A study published in the journal Joule introduces new anode materials for solid-state batteries (SSBs). The research was conducted by the Korea Electrotechnology Research Institute (KERI) in collaboration with Kumoh National Institute of Technology and Inha University.

SSBs have replaced the combustible liquid electrolyte that transfers ions between the anode and cathode with a solid electrolyte, significantly reducing the risk of fire or explosion. However, SSBs, due to their “solid” nature, require much advanced technology, such as ensuring electro-chemo-mechanical stability during the charging and discharging processes.

In particular, since the anode has a significant impact on the charging rate and lifespan of the battery, the choice of material is extremely important. Currently, Li-metal is the most extensively researched anode material for SSBs. However, in the case of Li-metal, repeated charging and discharging lead to dendrite growth, where lithium grows in tree-like structures on the surface. This phenomenon can result in internal short circuits, threatening the battery’s lifespan and stability.

Besides Li-metal, silicon anode materials are also available; however, they face several challenges, including low electronic and ionic conductivity, as well as cracks caused by volumetric expansion.

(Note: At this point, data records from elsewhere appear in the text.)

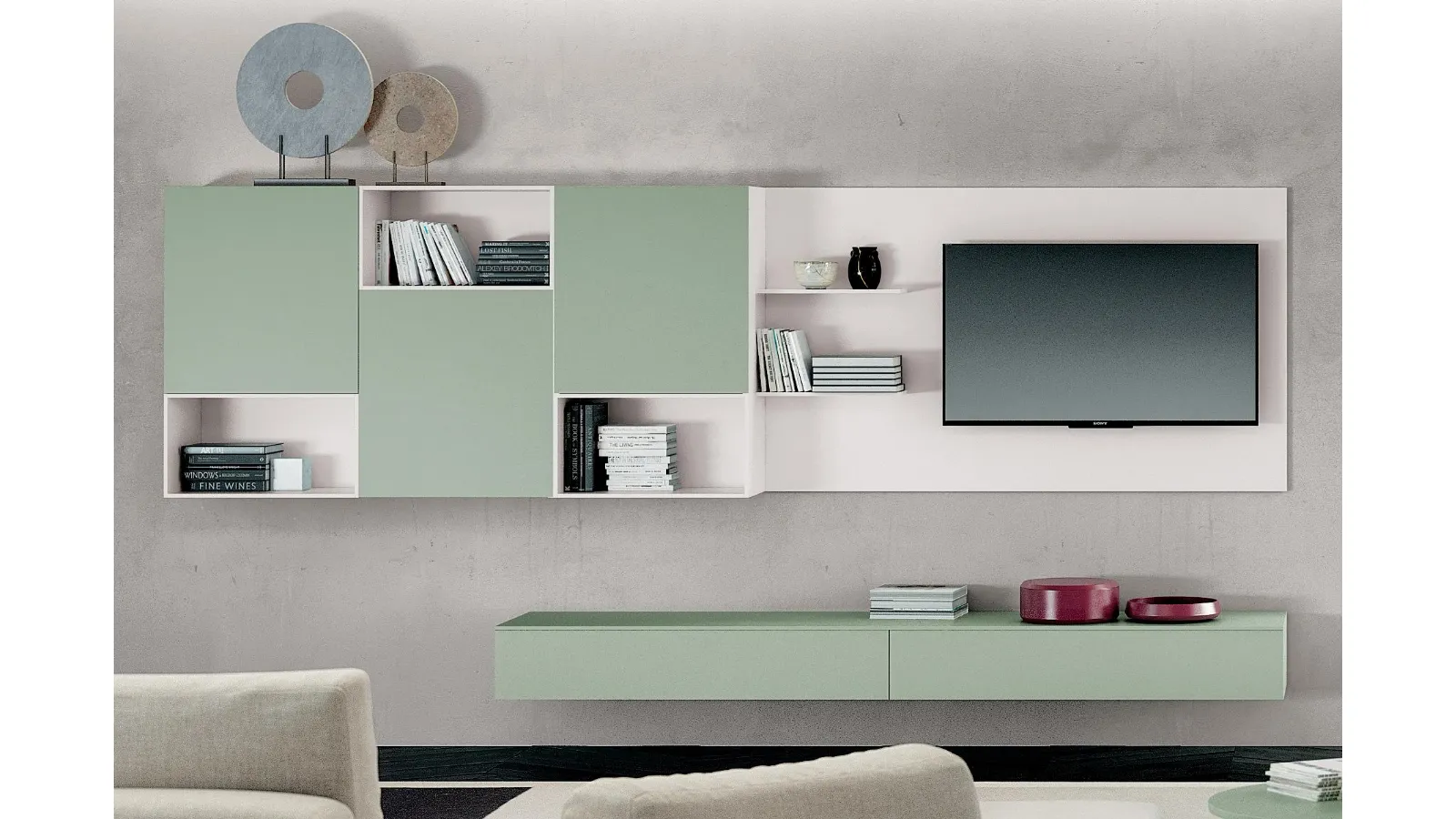 Loft Wall Unit by Spagnol Mobili: discover one of the most exclusive matt lacquered solutions to furnish the living room with us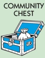 A Community Chest Card will, most likely, give you a reward. There are 16 Community Chest Cards: 9 of these cards give you money (rewards), 3 take money away (penalties), 2 move you elsewhere, 1 take money away if you own building and 1 lets you get out of jail free.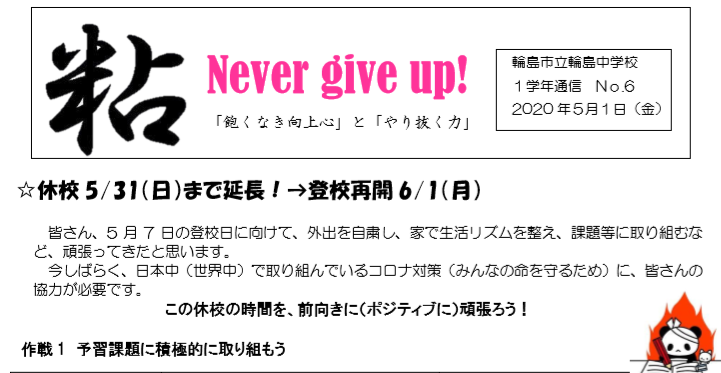 ・臨時休業期間:5月7日~5月31日 ・授業開始日:6月1日

The anode materials proposed by KERI and the university team this time are tin(Sn)-based alloy materials, specifically FeSn₂. The research team identified through detailed mechanical property analysis that FeSn₂ exhibits a characteristic of particle size reduction due to recombination reactions during repeated charging and discharging.

This confirms that in SSBs, the contact between the internal solid particles is maintained for a long period of time, resulting in a dense and uniform electrode. Even in environments with external stimuli, FeSn₂ exhibits high elasticity and deformation energy, ensuring good electrochemical stability without cracking.

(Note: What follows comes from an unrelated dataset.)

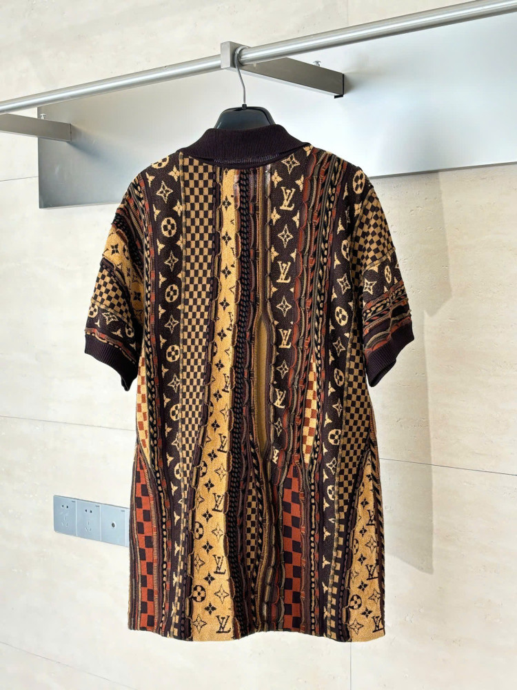 Áo thun tay ngắn cổ polo dệt kim họa tiết Monogram thuộc bộ sưu tập hợp tác giữa 1V và Louis 25FW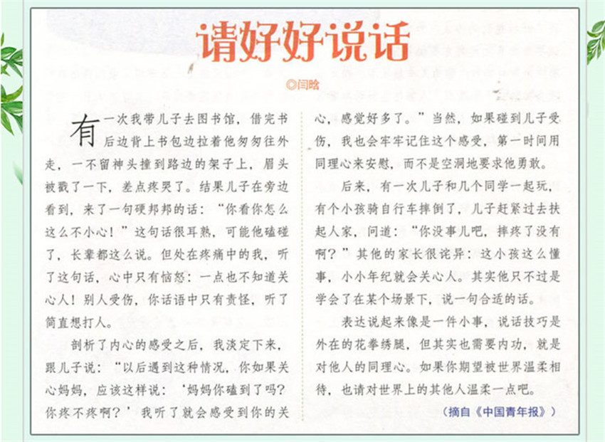 動(dòng)物牙齒趣聞,有后邊背上書包邊拉著他匆匆往外走,一不留神頭撞到路邊的架子上,眉頭被戳了一下,差點(diǎn)疼哭了。結(jié)果兒子在旁邊看到,來(lái)了一句硬邦邦的話:“你看你怎 么這么不小心!”這句話很耳熟,可能他磕碰了,長(zhǎng)輩都這么說(shuō)。但處在疼痛中的我,聽了這句話,心中只有惱怒:一點(diǎn)也不知道關(guān)心人!別人受傷,你話語(yǔ)中只有責(zé)怪,聽了簡(jiǎn)直想打人。

The research team developed a test SSB full cell to validate the technology, utilizing a FeSn₂ anode, NCM622 (nickel 6, cobalt 2, manganese 2 combination) cathode, and sulfide solid electrolytes (Li₆PS₅CI). As a result, an areal capacity of 15.54 mAh/cm² was achieved, which is five times higher than that of conventional lithium-ion batteries.

Additionally, high-rate charging and discharging were conducted for over 1,000 cycles under three-minute (20C current density) and six-minute (10C current density) conditions, achieving a capacity retention of over 70–80%.

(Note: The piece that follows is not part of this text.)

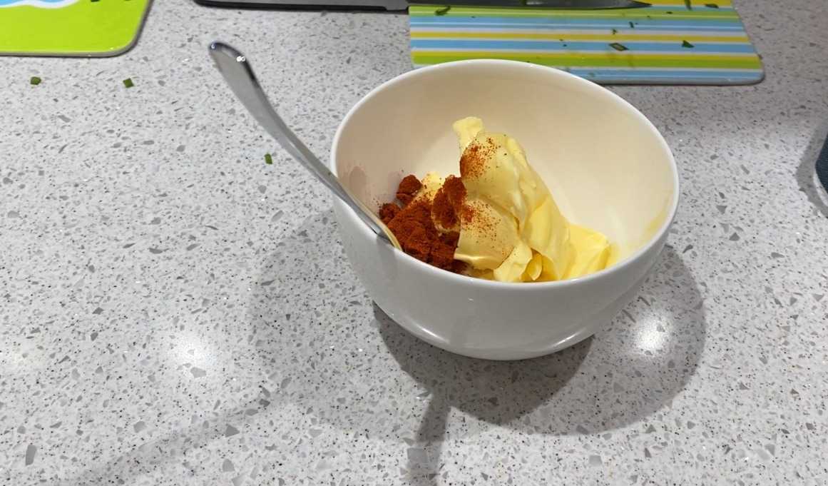 안드레아가 직접 옥상에서 기른 애플민트, 스위트바질을 따서 버터에 들어갈 만큼만 잘게 썰어놓았다. 슈퍼에서 산 녹색 부추도 잘게 썰었다. 붉은색은 파프리카 분말을 쓰기로 했다. 거기에 생마늘 두세 쪽을 까서 다져놓았다.

In addition, the research team evaluated the performance of the FeSn₂ anode in SSBs by applying it to a prototype pouch cell format. A high energy density of over 255 Wh/kg was recorded, demonstrating its commercial potential.

Yoon-Cheol Ha, Director of the Next Generation Battery Research Center at KERI, stated, “Our achievement is significant as it breaks away from the conventional focus on Li-metal and silicon in the research of anode materials for SSBs, demonstrating the great potential of tin-based alloy anode materials.”

Additionally, Professor Cheol-Min Park of Kumoh National Institute of Technology expressed his ambition, stating, “Through the development of stable high-performance anode materials that surpass existing limitations, we aim to contribute to the commercialization of non-flammable SSBs.”